Recent improvements in PPI literature over the last three years address different segments—some modify sampling, others modify estimation—but they are scattered across papers, making them difficult to combine. GLIDE splits the pipeline into Sampling → Annotation → Estimation, making both ends independently replaceable. Samplers expose a sample method returning $(\pi, \xi)$, where $\pi\in[0,1]^N$ is the sampling probability for each observation and $\xi\in\{0,1\}^N$ is the actual inclusion indicator. Estimators are stateful objects where estimate returns a dataclass containing the point estimate, confidence interval, effective sample size $n_{\text{eff}}$, and metric labels. Consequently, an end-to-end flow (sampling + annotation + estimation) can be executed in just 6 lines of Python. Adopting the scipy/scikit-learn paradigms minimizes the learning curve, while the decoupling allows independent improvements in sampling and estimation to overlap seamlessly.

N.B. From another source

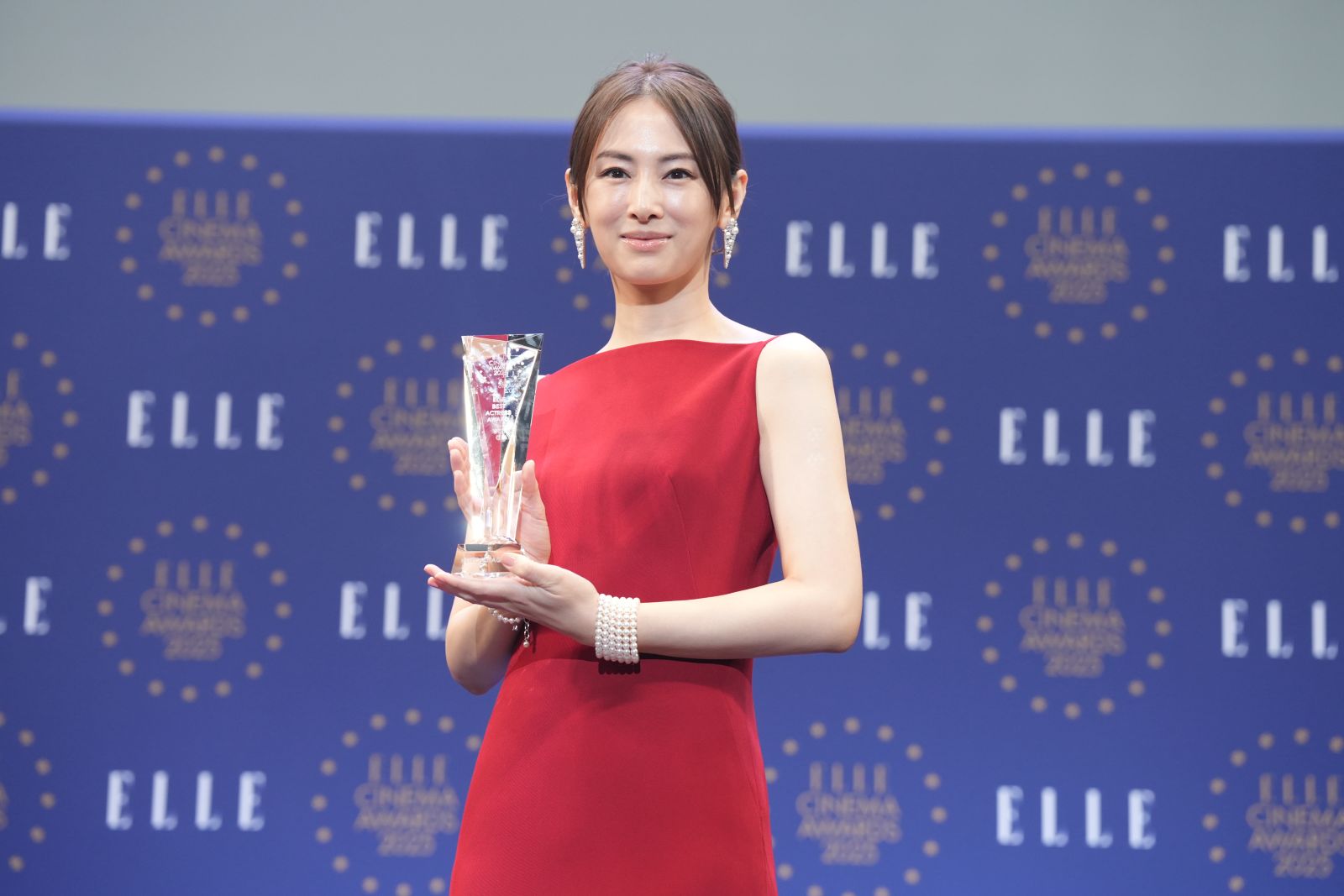 賞の最後を飾る「エル ベストアクトレス賞」を受賞したのは『ナイトフラワー』。現代のシングルマザーが置かれた過酷な状況を映した難しい役に挑戦し、これまでに見たことのない姿で演技派としてのさらなる新境地を見せた北川景子。赤のドレスで登場した北川は「デビューして22年になりますが、主演で映画賞を頂くのが今日が初めてでして、本当に本当に嬉しいですし、このトロフィーの重みを感じています」と心からの喜びと共に受賞のお気持ちを話したのち、「この作品のオファーを頂いた時、相当な覚悟を持って挑まないといけないなと思いまして、今までの自分の能力は無視で、魂で、全身全霊でぶつかっていく気持ちでやりました」と振り返った。最後に「すごくヘビーな作品と役が続いていたので、そろそろ幸せな役がやりたいなと思っています(笑)。そのためにも健康を維持しつつ、家庭に軸足を置きながら、充実した生活を送れたら良いなと思います」と今後の俳優としての意志を表明した。

2. 5 Sampler Categories × 5 Estimator Categories: Mapping Agentic evaluation attributes to a method menu

Agentic evaluation has four unique attributes—extreme cost asymmetry, natural stratification, available proxy uncertainty, and critical deployment scenarios—each corresponding to a branch of PPI. GLIDE presents these as a continuous "If X, then use Y" menu. Samplers include: UniformSampler (baseline), StratifiedSampler (supporting proportional or Neyman allocation $n_h\propto N_h\sigma_h$, using Hamilton’s method for integer constraints), ActiveSampler (independent Bernoulli sampling proportional to proxy uncertainty), and CostOptimalSampler variants. Estimators include: PPIMeanEstimator (PPI++ + power tuning), StratifiedPPIMeanEstimator, PTDMeanEstimator (Predict-Then-Debias, bootstrap-based for small $n<50$), StratifiedPTDMeanEstimator, and ASIMeanEstimator (IPW debiasing with active sampling), alongside 3 classical baselines. This prevents practitioners from having to cross-reference multiple papers and repositories.

3. Four-signal decision tree: Helping engineers select the right combination in 30 seconds

Simplifying selection is crucial for industrialization. GLIDE embeds method selection into a decision tree. The first half (sampling) routes based on three boolean signals: cost estimates available → CostOptimal; proxy uncertainty available → ActiveSampler; natural stratification with heterogeneous proxies → StratifiedSampler; else → UniformSampler. The second half (estimation) uses a single threshold: if human labels $n \ge 50$ (per stratum), use CLT-based estimators (PPI++ / Stratified PPI++ / ASI); otherwise, use bootstrap-based PTD variants. This tree is empirically calibrated using the Monte Carlo validation suite in Section 5, downgrading method selection from a research problem to a table lookup.

Loss & Training¶

This work does not involve training but focuses on statistical inference. All estimators return a PredictionPoweredMeanInferenceResult. The Key Performance Indicator (KPI) is the effective sample size $n_{\text{eff}}=n\cdot\widehat{\text{Var}}(\bar Y_n)/\widehat{\text{Var}}(\hat\theta^{\text{PPI++}}_\lambda)$. The ratio $n_{\text{eff}}/n \ge 1$ translates directly into "saved annotation hours."

Key Experimental Results¶

Main Results¶

Monte Carlo Validation: Synthetic binary classification task, true value $\theta^\star=0.55$, proxy mean $0.50$ (biased), controlled by Pearson correlation $\rho$ for proxy quality. $N_{\text{true}}=500$, $N_{\text{proxy}}=1000$, 90% confidence level, 1000 repetitions, $\rho\in\{0.1, 0.2, \dots, 0.9\}$.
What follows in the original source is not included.